When too many tools become too much context

Learn how RAG-MCP improves tool selection and reduces context rot in MCP-based systems.

Ashley Weaver | November 25, 2025

In the world of MCP, an LLM can theoretically access an infinite number of tools. Of course, that’s an exaggeration, but as the number of callable tools grows, a new challenge emerges — how does the model know which one to call?

When every function, API, or integration gets stuffed into a single prompt, models run into a problem known as context rot — when flooding a model’s context window with too much information can actually degrade reasoning. Functions start to blur together, and even advanced models struggle to pick the right one or reason effectively about when to use it.

My colleague Dennis Thompson wrote about these same challenges in his recent post, “Avoiding context rot and improving tool accuracy for AI agents using MCP”. He captured the core issue of context rot, but it’s also part of a bigger picture — how we manage and structure context itself.

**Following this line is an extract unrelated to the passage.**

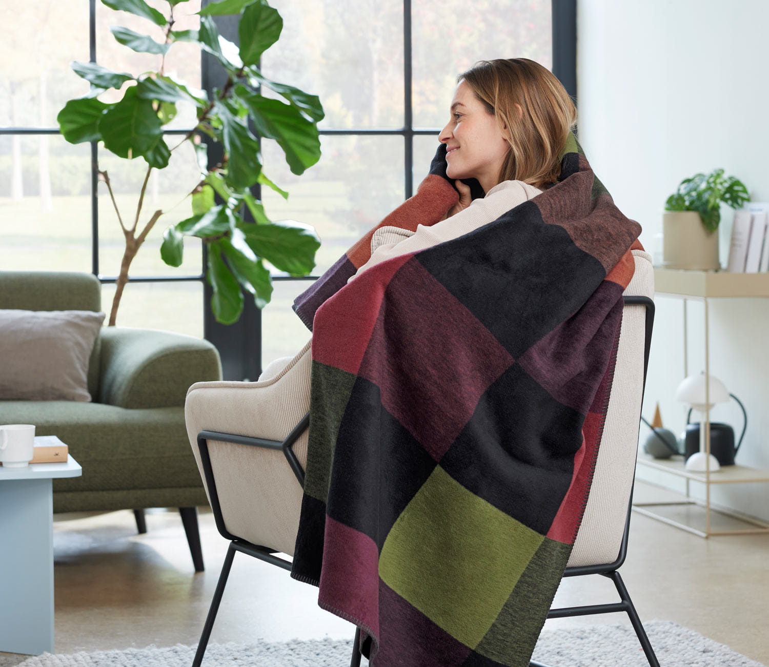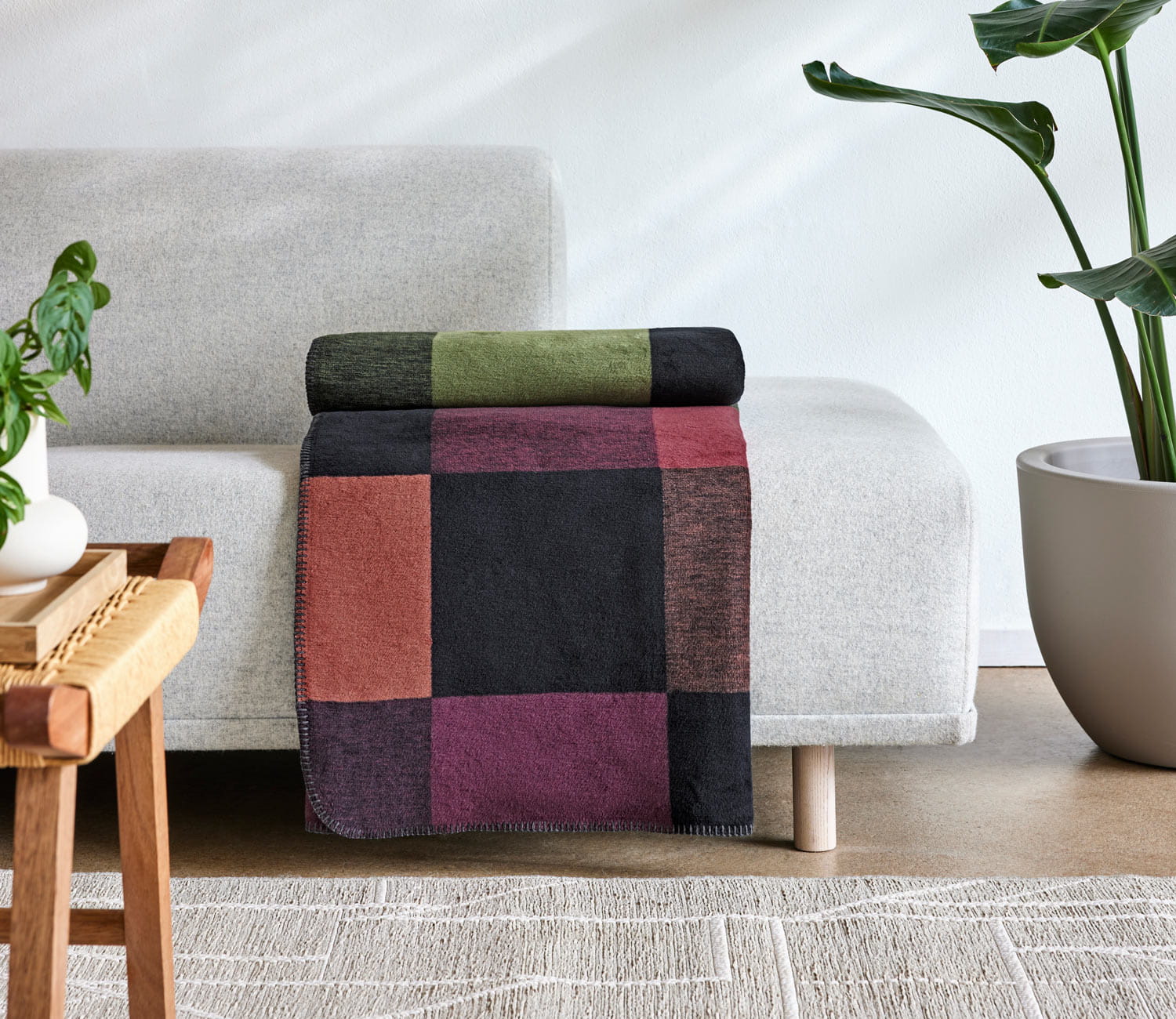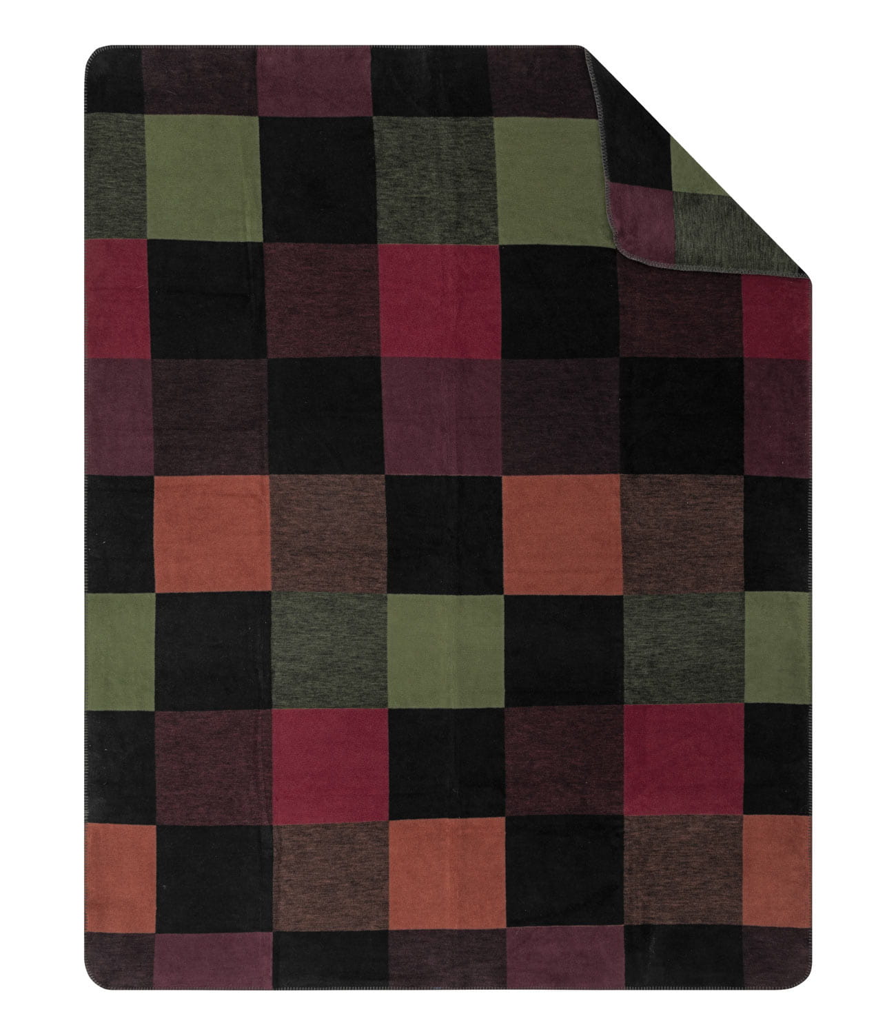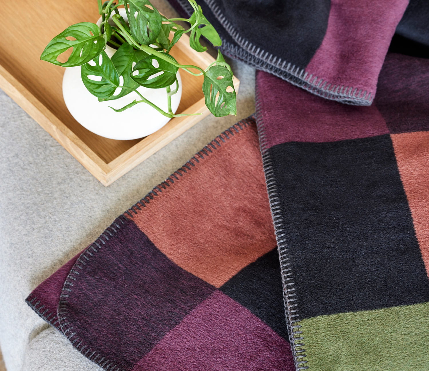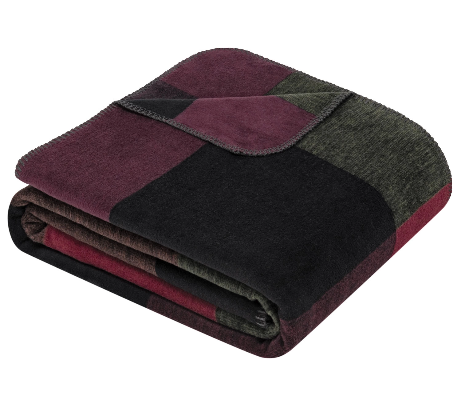 Miły w dotyku koc Bolton marki Ibena w prostą kratę w odcieniach zieleni, pomarańczu i fioletu. Wykonany z mieszanki bawełny z akrylem, wykończony ściegiem dzierganym. Takie połączenie sprawia, że koc jest ciepły, miękki i bardzo trwały.

In his post, Dennis outlined three key hurdles in building WRITER’s enterprise-grade MCP Gateway, a gateway that sits between WRITER’s agents and external MCP servers system:

How to provide an agent with hundreds of tools without the manual creation of each description.
How to ensure the LLM finds and uses the correct tool.
How to make sure these tools won’t bloat the context window.

WRITER’s MCP Gateway architecture addresses this by acting as a control layer that automatically ingests APIs via OpenAPI or Postman, rewrites tool descriptions using Palmyra X5 for LLM clarity, and applies vector-based retrieval to rank and distill hundreds of granular endpoints into a small set of “meta-tools.”

As an agent’s toolbox grows, so does the complexity of managing it. Our MCP Gateway architecture work addresses the challenge of governing and scaling tools across the enterprise. Let’s explore the context engineering side — how retrieval-based methods like RAG-MCP can help models select, compress, and isolate the most relevant tools in context.

Write, select, compress, isolate

At its core, context engineering is systems discipline — how we structure, retrieve, and manage information so that LLMs can reason effectively. It spans several overlapping disciplines — RAG, memory, state, history, prompt engineering, and structured outputs — all working together to decide what context a model should see, ignore, or reuse across state, store, and runtime context.

Where prompt engineering focused on crafting better inputs, context engineering is about designing better systems for giving a model the right context at the right time. In practice, this typically comes down to four key moves — write, select, compress, and isolate.

Together, they form the backbone of context engineering, each approach key to tackling context rot:

Write: save relevant context outside the window
Select: retrieve what’s most relevant
Compress: keep only what’s needed
Isolate: partition context for focus

These steps provide a mental model for how complex agentic systems can stay reliable as they scale.

RAG-MCP

One approach to context engineering for tool calling is through retrieval frameworks like RAG-MCP, which offload tool discovery by using semantic retrieval to identify the most relevant tools for a given query from an external index before passing it to an LLM. Instead of loading every possible tool into a model’s context, RAG-MCP introduces a retrieval layer that selects, compresses, and isolates only what’s relevant in the moment. The goal isn’t to give models more tools, but to help them retrieve and reason with the right ones at the right time, rethinking how we give LLMs the right context to perform their tasks effectively.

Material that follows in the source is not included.